Retired print journalist, blogger and Madison’s other mother.❤️🐾

10 Comments

  • Gwynne Marie Cobb

    I’m pro-choice. Being pro-choice isn’t the opposite of pro-life. It’s a more honest telling of the same side of the coin. Because me believing in someone living their best life doesn’t begin at conception and end at birth. My beliefs are here to encourage and support a person through all facets of their life. It’s understanding that now may not be the right time for you to give birth … Maybe you thought you’d be in a stable job with adequate housing, a cushy bank account and sufficient health care. All of the necessities to ensure the health of your expected child’s needs. But maybe you didn’t expect that you’d have an ectopic pregnancy that threatened your own life. Now, with this new ruling, if that pregnancy is terminated, you face felony charges, and if convicted, lose your right to vote.

    Or maybe you took all necessary precautions, used contraception (which may be under attack next) and wound up pregnant. But maybe your health is so compromised that enduring a full-term pregnancy and giving birth is also sure to deliver a death sentence for you. Perhaps when you first planned to be pregnant you had that stable job and all the accoutrements that you knew were necessary. But now your partner has become abusive and threatening, you’ve changed jobs, your health care is nonexistent, you’re food poor, your housing is in question and your network for child care has fallen apart. Now what?

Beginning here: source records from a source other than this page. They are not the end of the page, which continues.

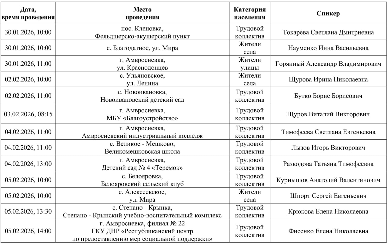 График проведения встреч с населением на подведомственных территориях руководящим составом администрации Амвросиевского муниципального округа, начальниками территориальных отделов администрации округа с 30 января по 5 февраля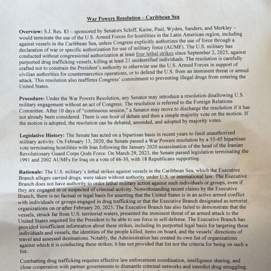 Los senadores demócratas estadunidenses Schiff, Kaine, Paul, Wyden, Sanders y Merkley, presentaron en nombre de su facción la resolución 83, que busca acabar con el uso de las Fuerzas Armadas de la nación norteamericana por parte de la administración del presidente Donald Trump para perpetrar ataques en el Caribe sin autorización del Congreso.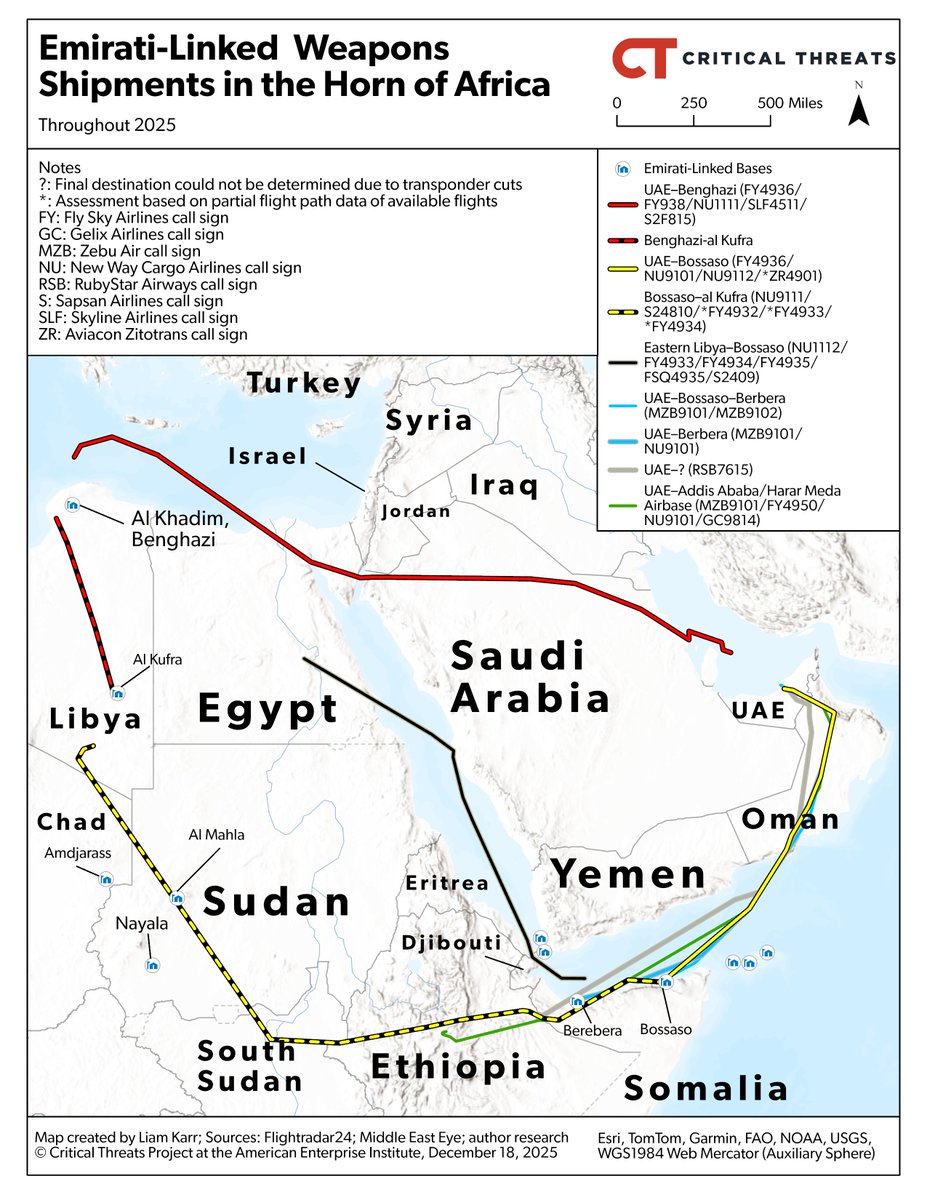 The UAE would lose access to military bases along the Gulf of Aden in Puntland and Somaliland that it uses to support operations against the Iranian-backed Yemeni Houthis and other maritime security operations. The loss of access would hinder the UAE’s ability to supply the RSF, as Puntland’s port of Bossaso is a transit point for UAE weapons shipments to the RSF. 3/6
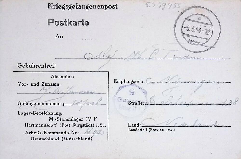 Briefkaart voor Riky Prudon te Nijmegen.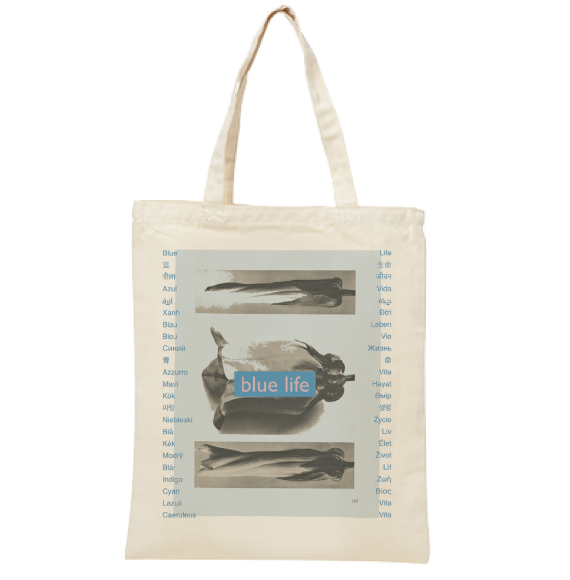 世界中の様々な言語でblueとlifeをあしらった、ユニークなデザインが特徴の大型キャンバストートバッグ。8Ozの厚みのある丈夫な生地で日常使いにぴったりの一品。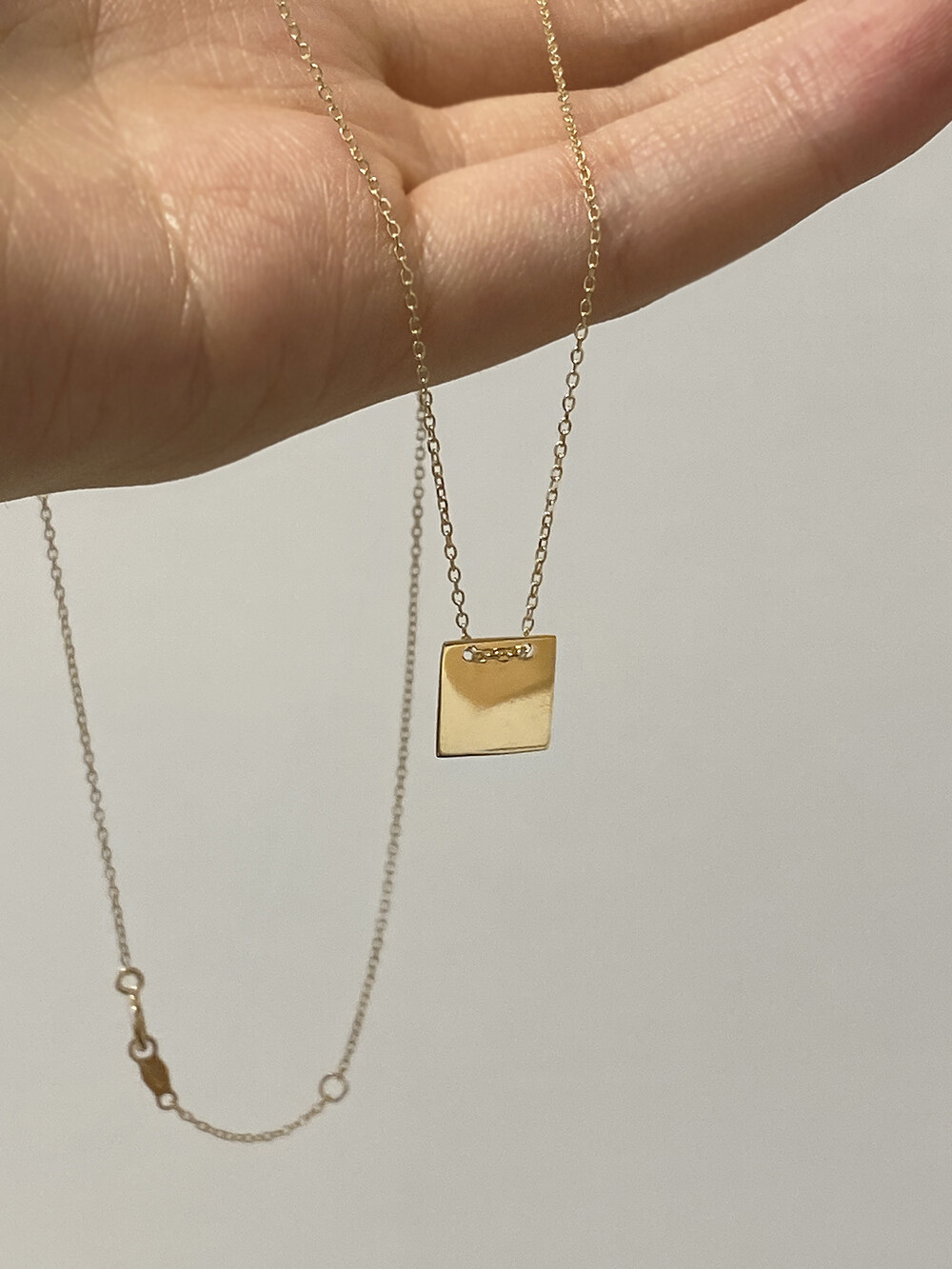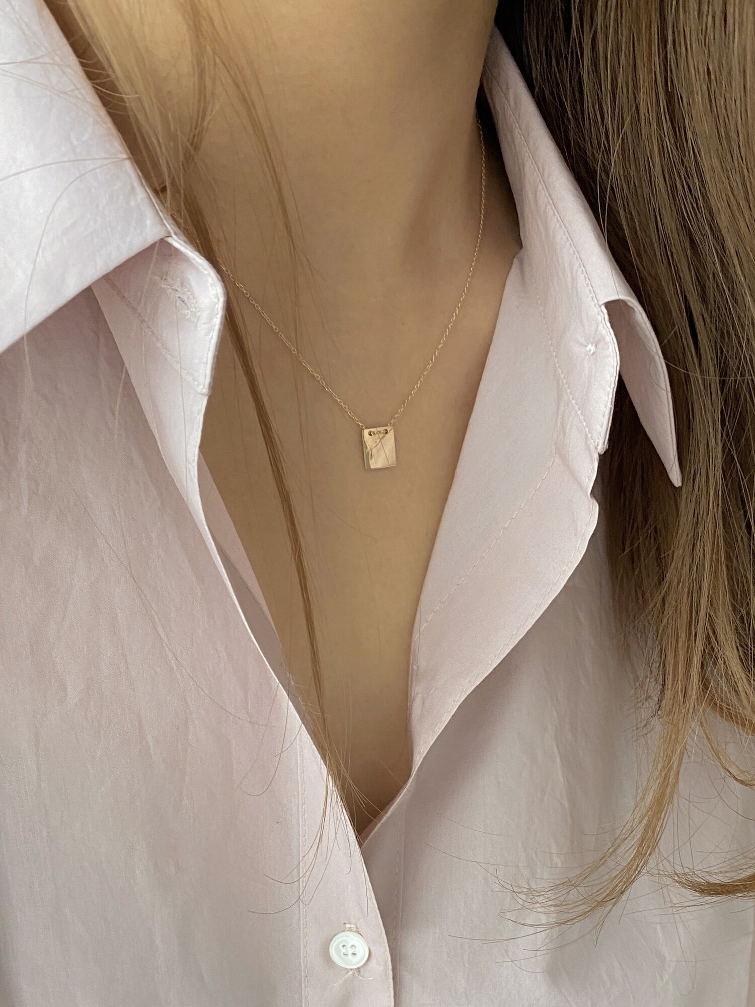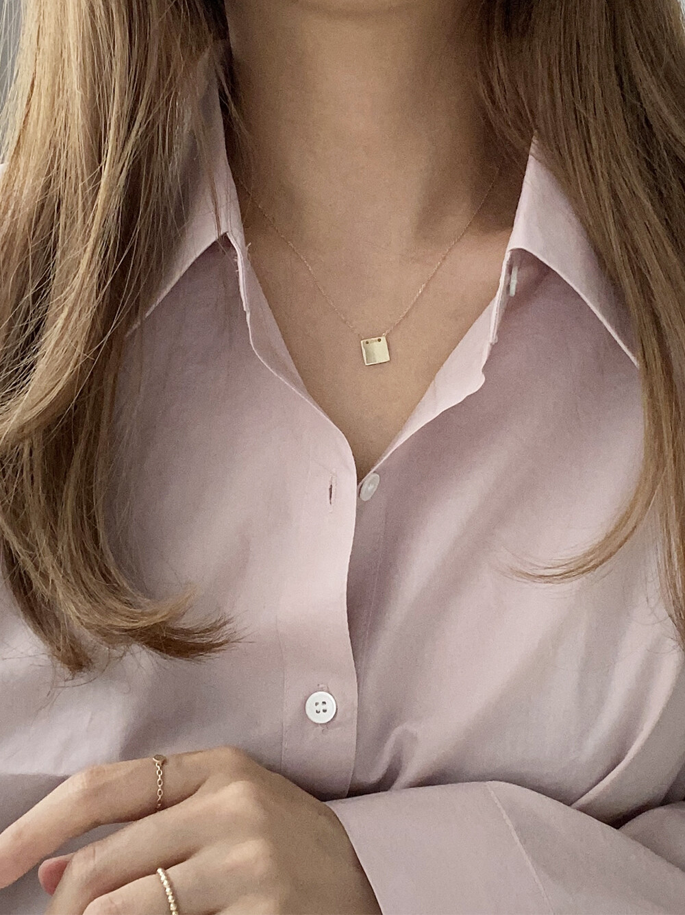 - 납작한 사각 펜던트가 유니크하면서 세련된 무드로 연출되는 네크리스입니다.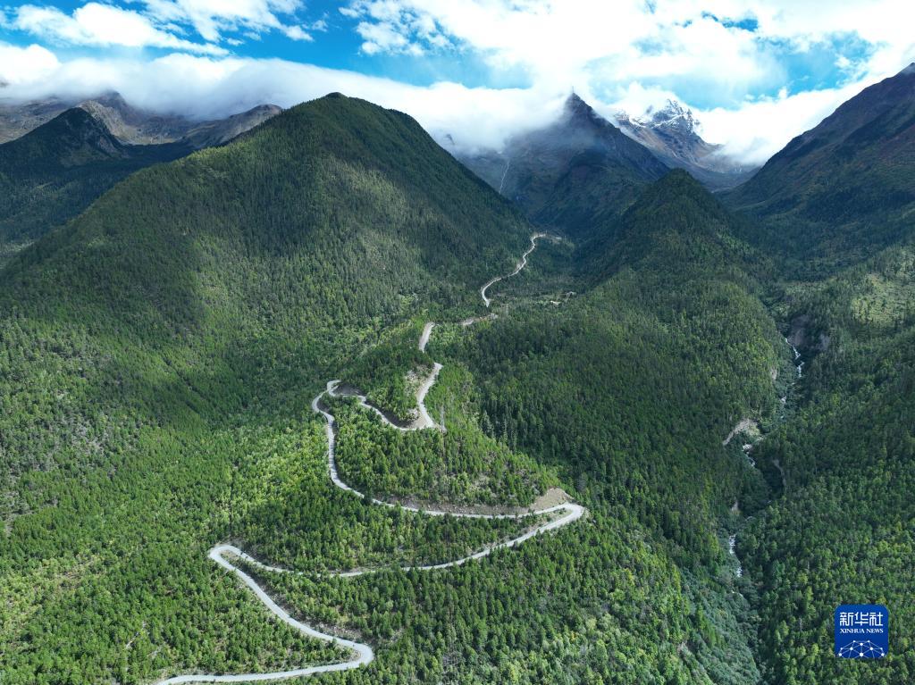 這是2022年9月30日拍攝的派墨公路派鎮(zhèn)起點路段(無人機(jī)照片)。新華社發(fā)(董志雄 攝)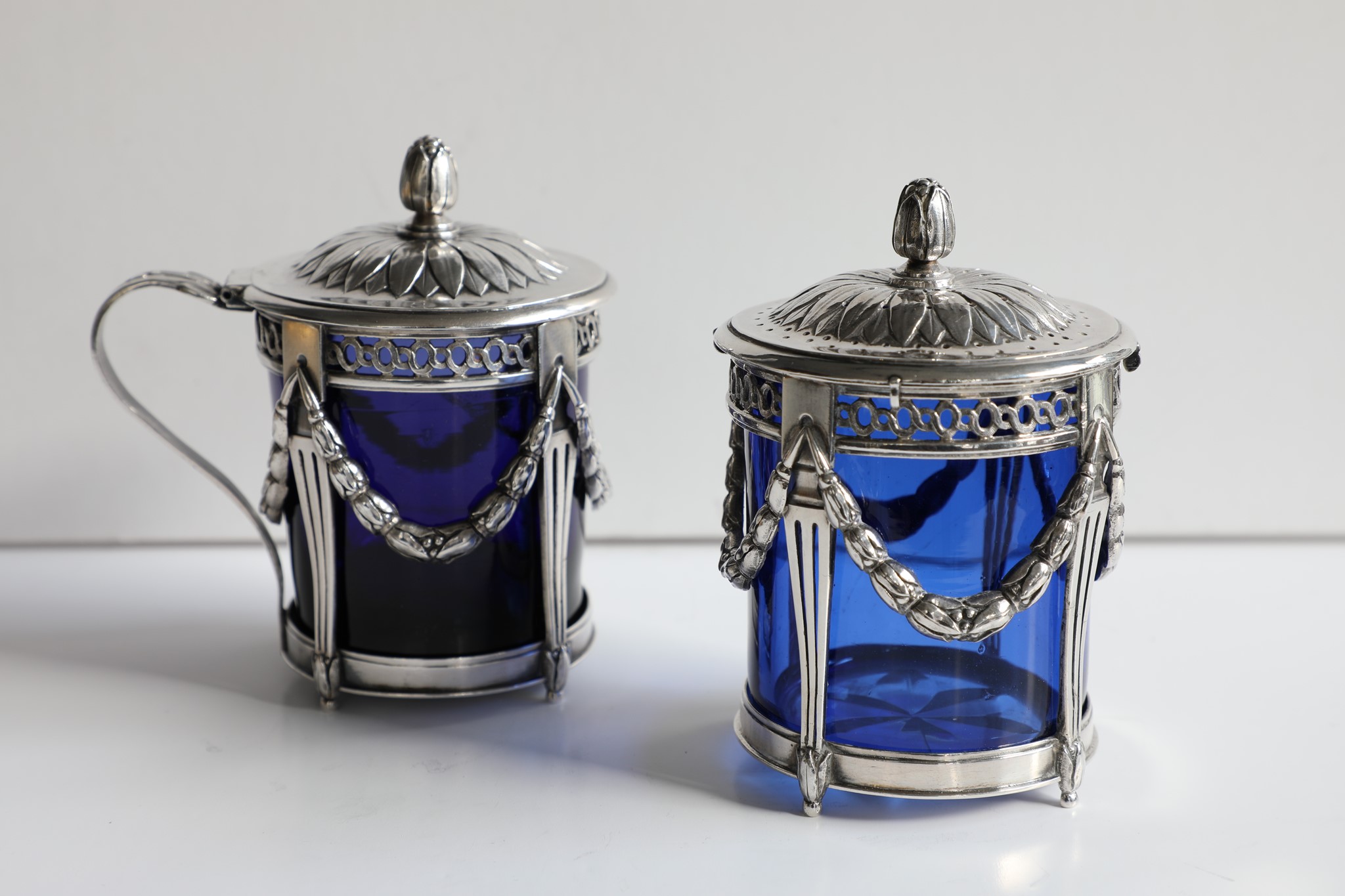 Silver sugar caster and mustard pot, with cobalt blue glass, workshop Jan Baptiste Verberckt, Antwerp, 18th C.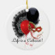 Encaminhamento cerâmico redondo com imagem, em ambos os lados, de um ventilador preto de penas, balões vermelho e preto e uma máscara vermelha. Texto opcional. Veja toda a coleção do Ornamento de Cancan nos TOUCHES ESPECIAIS | Seção Favoritos para festas.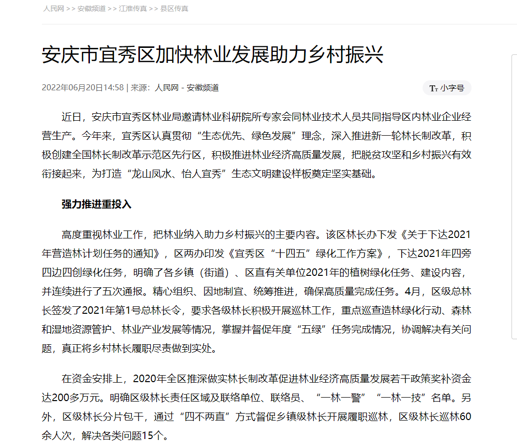 【人民網】安慶市宜秀區加快林業發展助力鄉村振興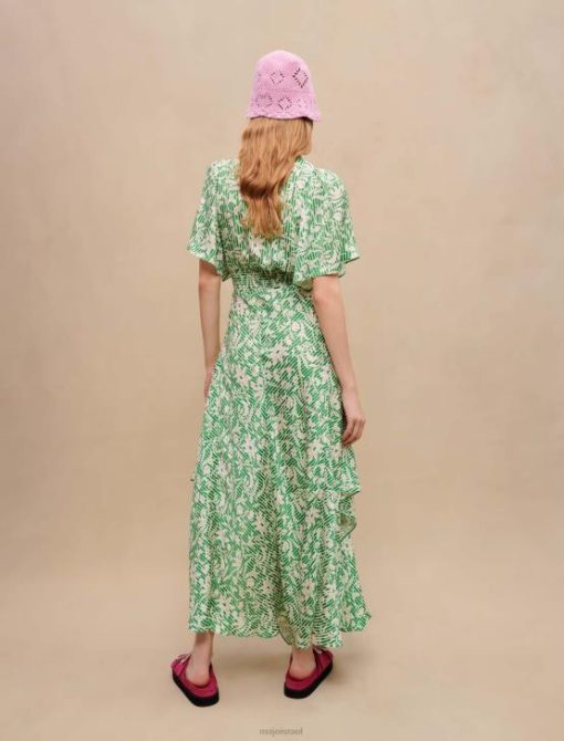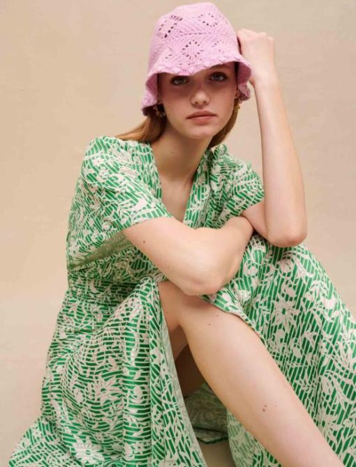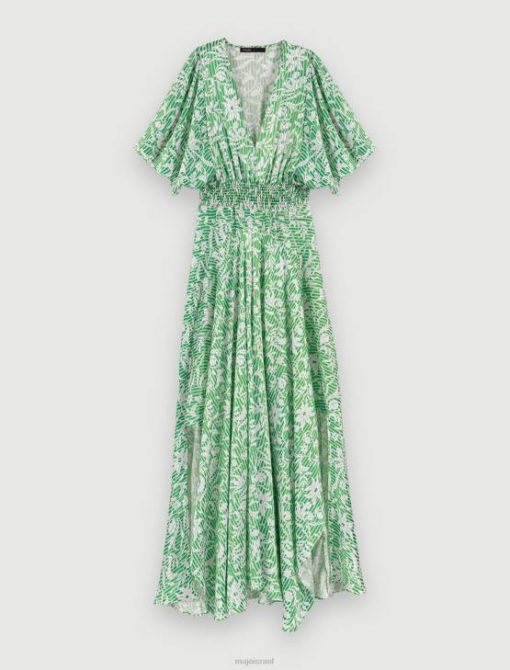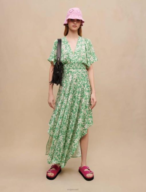 maje הניחה מעט קלילות וחולמניות בקולקציית שמלות הקיץ שלה. ארוכה וא-סימטרית, שמלת סאטן עם נפחים אווריריים מעוטרת במותן וכוללת צווארון V ושרוולים קצרים.

    I care about those people. I’m concerned about the lives from cradle to grave. That’s what I mean when I say pro-choice is the more honest telling side of the same coin. So when someone tells me they identify as pro-life, I already know they don’t really give a damn because all they really care about is fortifying the lie of the “great replacement theory.”

  • Kathie Grevemeyer

    Hard to believe my granddaughters have fewer rights than their 80-year-old grandmother! Apparently, we are back to the “barefoot and pregnant” philosophy. Who could ever imagine!

  • Connie

    It’s a crazy world we live in now, and it’s only going to get worse. I say to myself all the time that our love ones we have lost are in better places than we are. Free to say and do whatever they want with no fear of being punished.

  • gramcracker8191

    I’m wondering what the Freedom of Choice advocates are thinking now that they’ve taken away mine. But then again, they probably don’t understand the question.